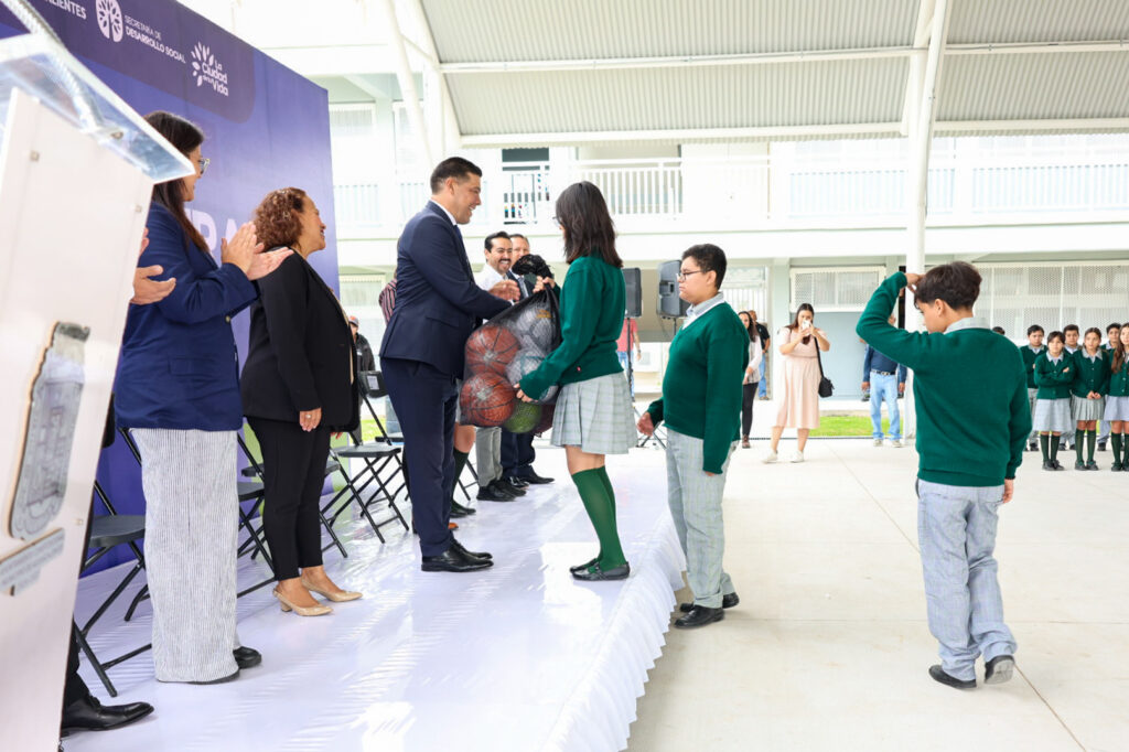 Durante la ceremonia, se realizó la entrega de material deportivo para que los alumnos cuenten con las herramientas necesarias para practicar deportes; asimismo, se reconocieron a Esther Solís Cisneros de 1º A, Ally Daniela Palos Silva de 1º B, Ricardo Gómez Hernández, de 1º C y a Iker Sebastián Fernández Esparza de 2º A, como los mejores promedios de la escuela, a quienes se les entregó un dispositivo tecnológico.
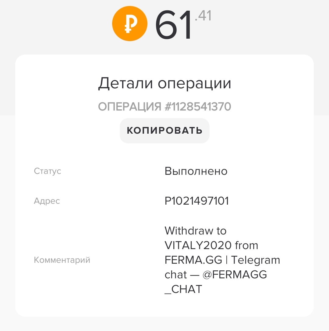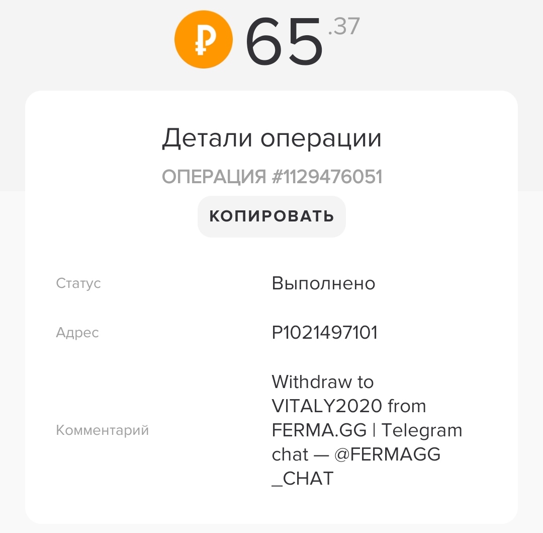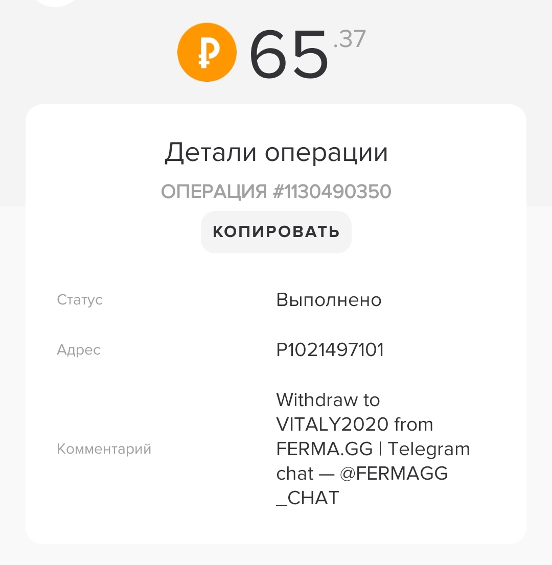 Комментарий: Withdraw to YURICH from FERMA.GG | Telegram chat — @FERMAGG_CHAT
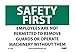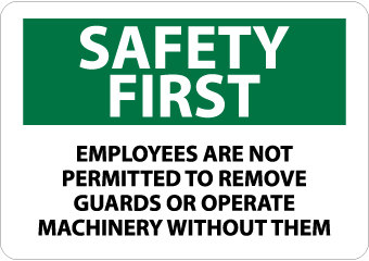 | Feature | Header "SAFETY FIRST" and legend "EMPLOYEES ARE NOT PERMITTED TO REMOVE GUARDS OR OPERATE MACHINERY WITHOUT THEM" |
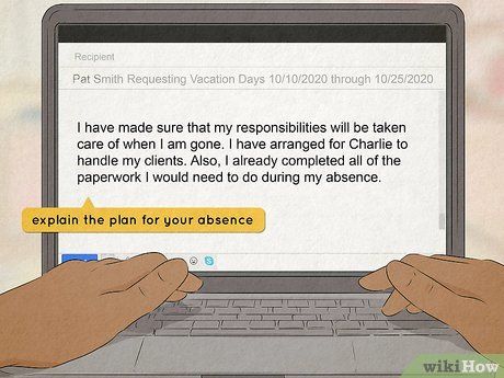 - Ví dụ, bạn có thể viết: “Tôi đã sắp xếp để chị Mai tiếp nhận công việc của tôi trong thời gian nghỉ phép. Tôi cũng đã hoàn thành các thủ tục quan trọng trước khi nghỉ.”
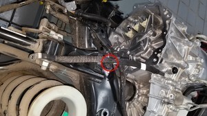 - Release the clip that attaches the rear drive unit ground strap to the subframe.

****

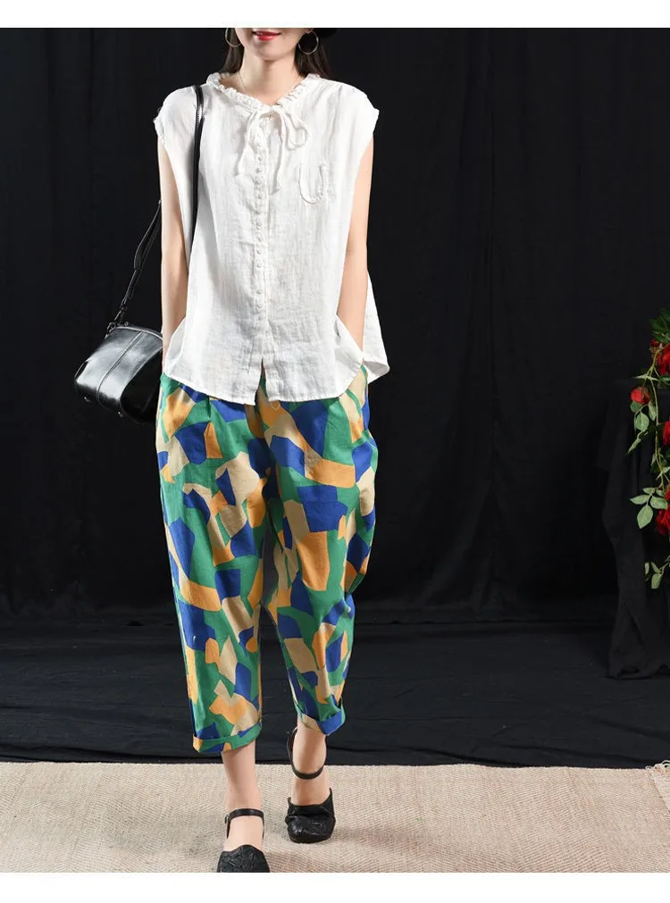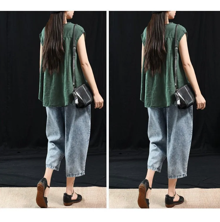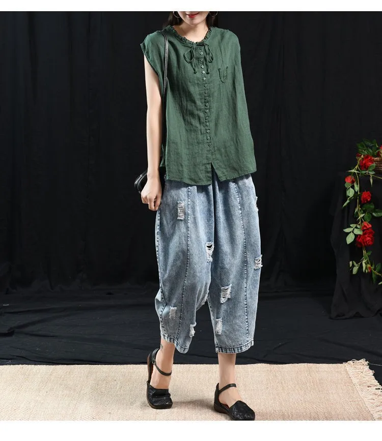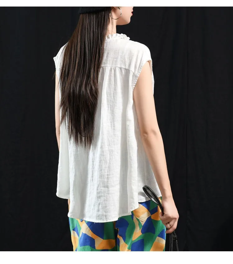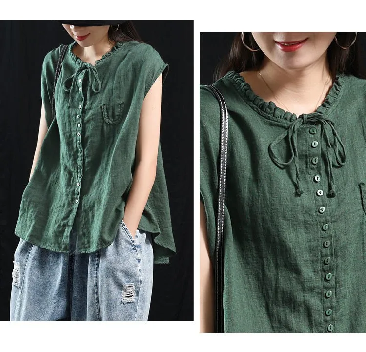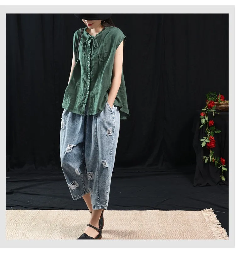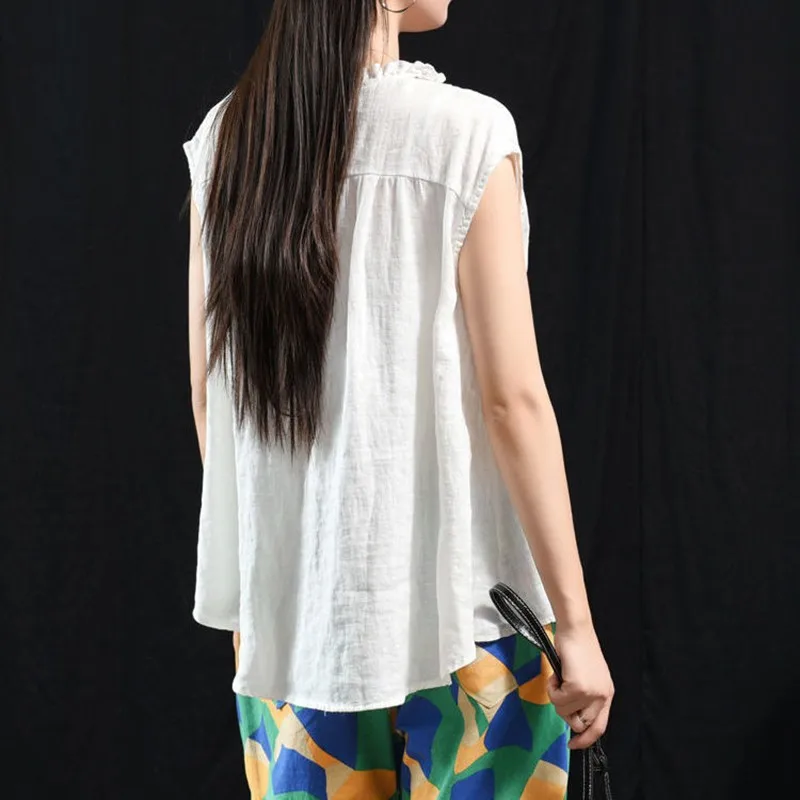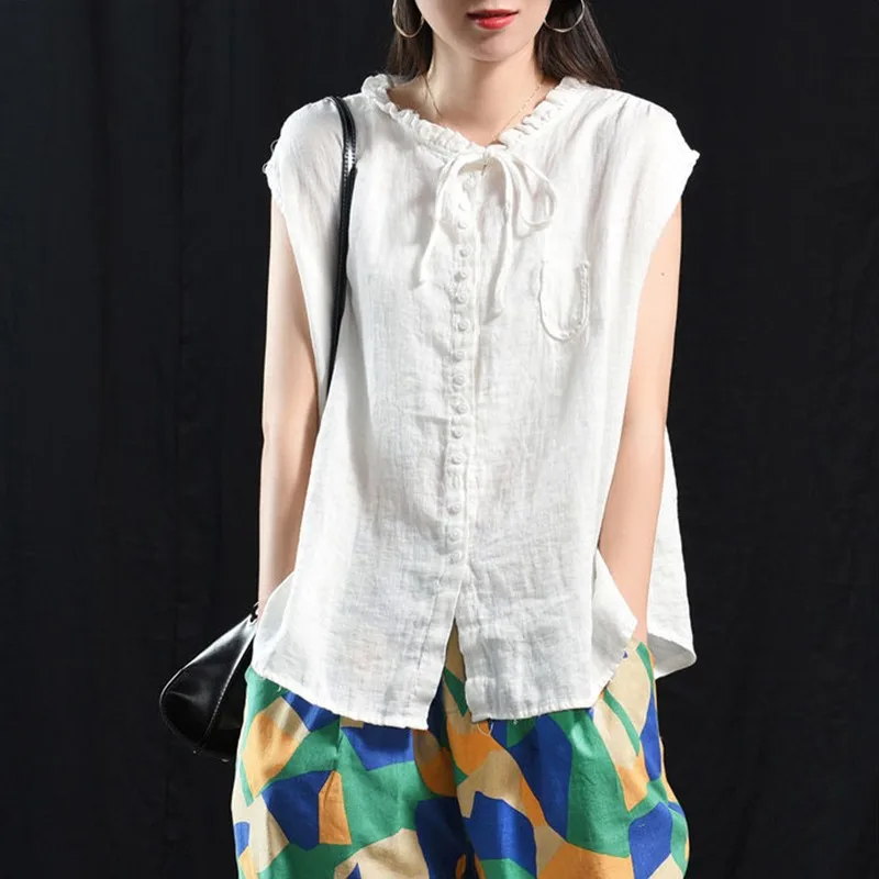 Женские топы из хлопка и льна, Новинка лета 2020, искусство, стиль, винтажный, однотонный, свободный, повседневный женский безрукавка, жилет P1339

****

● TASK ITEM: Take the material above from the line bearing "- Ví dụ, bạn" through the line bearing "- Release the" and write it out exactly, both end lines included. Pictures stay out.

● TASK ANSWER:
 - Ví dụ, bạn có thể viết: “Tôi đã sắp xếp để chị Mai tiếp nhận công việc của tôi trong thời gian nghỉ phép. Tôi cũng đã hoàn thành các thủ tục quan trọng trước khi nghỉ.”
 - Release the clip that attaches the rear drive unit ground strap to the subframe.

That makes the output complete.